**TASK PROMPT**. From the first line of the records below, transcribe each line exactly up to and including the one with "為了定位第一級行星輪系齒輪嚙"; pictures stay out.

**RECORDS FOR THE TASK**.
-*-*-

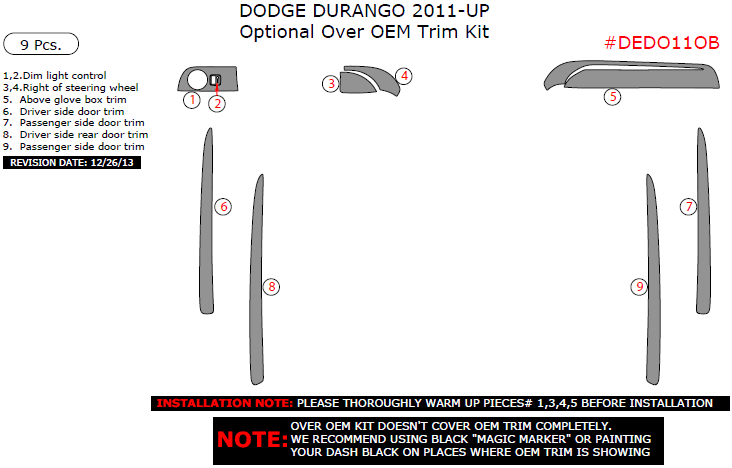 Dodge Durango 2011, 2012, 2013, 2014, 2015, 2016, 2017, 2018, 2019, 2020 Optional Over OEM Interior Trim Kit, 9 Pcs.
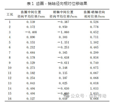 為了定位第一級行星輪系齒輪嚙合最差的狀態,輪轂中心施加六自由度載荷進行仿真分析。在輪轂中心載荷的作用下,主軸變形帶動第一級行星架、行星銷軸變形,軸承座帶動第一級齒圈變形,齒輪嚙合引起第一級齒圈、行星輪銷軸變形,綜合因素影響下得到第一級齒圈與行星銷軸的徑向相對變形量,如表1所示。
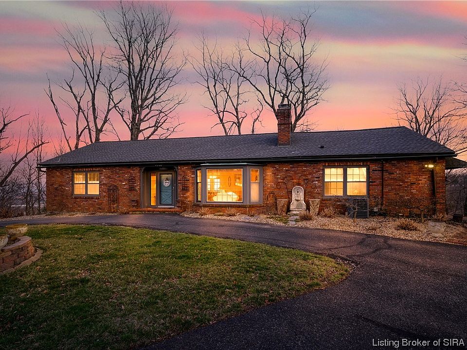 Fabulous home with 5 Acres in the Knobs! This exceptional home boasts numerous significant updates while preserving its original character and reflecting the era of sturdy, high-quality construction. Situated on a picturesque 4-bedroom, 3-bathroom ranch with a fully finished walkout basement, it offers one of the most beautiful skyline views. Step into a stunning living room with a gas fireplace, a formal dining room, and a breathtaking view from the dining table. The fully equipped kitchen includes custom cabinets, granite counters, a spacious pantry, and a complete set of appliances for easy entertaining or everyday meals. The primary bedroom is awe-inspiring with vaulted ceilings, cedar beams, a fireplace, and distinctive baked ceramic red brick flooring. The unique bathroom offers ample counter space, a sunken jet tub, an electric fireplace, a walk-in closet, and new flooring. Two bedrooms and a guest bath completes the 1st floor. The basement offers recreation and media area, wet bar, one bedroom, a full bath and all new flooring. Step out onto the spacious deck and savor this slice of surreal paradise. Additionally, there is a 1.5-car garage and a charming shed with heating/air conditioning for your personal retreat or hobby space. Sq ft & rm sz approx.
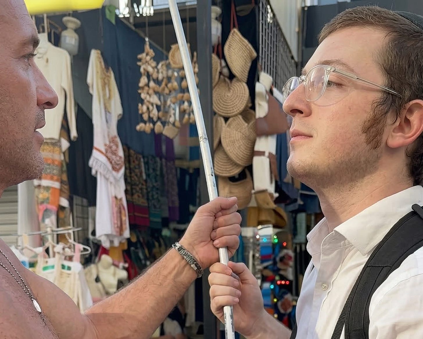 El agresor arrebata un estandarte religioso —conocido como la bandera de Moshiach o Mashíaj, símbolo utilizado por este grupo para actividades de difusión de su fe— y lo arroja o rompe en el suelo, mientras profiere insultos y amenazas en inglés, instando a la víctima y su grupo a “largarse”. El incidente ocurrió cerca del Parque Fundadores, donde el sujeto habría iniciado el hostigamiento varias cuadras antes. La víctima, quien habitualmente invita a turistas israelíes a conocer sinagogas y actividades comunitarias locales, portaba insignias judías visibles durante la difusión pacífica.
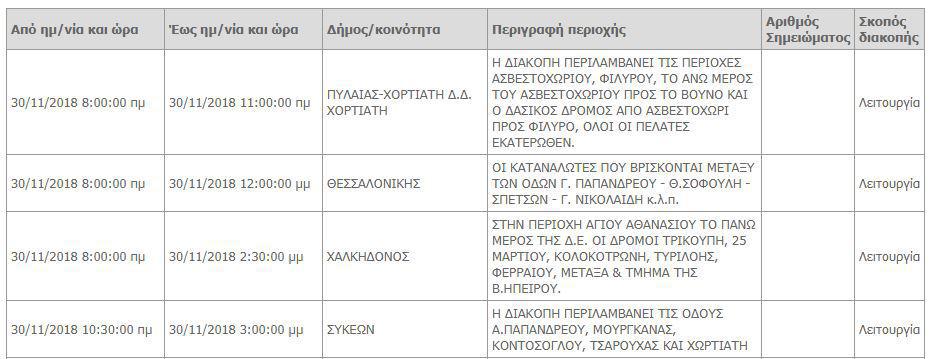 «Προκειμένου να προγραμματίσετε τις εργασίες σας και να ελαχιστοποιηθεί η όχλησή σας, στον ακόλουθο πίνακα, μπορείτε να ενημερωθείτε για τις περιοχές και τις ώρες προγραμματισμένων διακοπών ηλεκτροδότησης.

-*-*-

**EXERCISE RESULT**.
 Dodge Durango 2011, 2012, 2013, 2014, 2015, 2016, 2017, 2018, 2019, 2020 Optional Over OEM Interior Trim Kit, 9 Pcs.
 為了定位第一級行星輪系齒輪嚙合最差的狀態,輪轂中心施加六自由度載荷進行仿真分析。在輪轂中心載荷的作用下,主軸變形帶動第一級行星架、行星銷軸變形,軸承座帶動第一級齒圈變形,齒輪嚙合引起第一級齒圈、行星輪銷軸變形,綜合因素影響下得到第一級齒圈與行星銷軸的徑向相對變形量,如表1所示。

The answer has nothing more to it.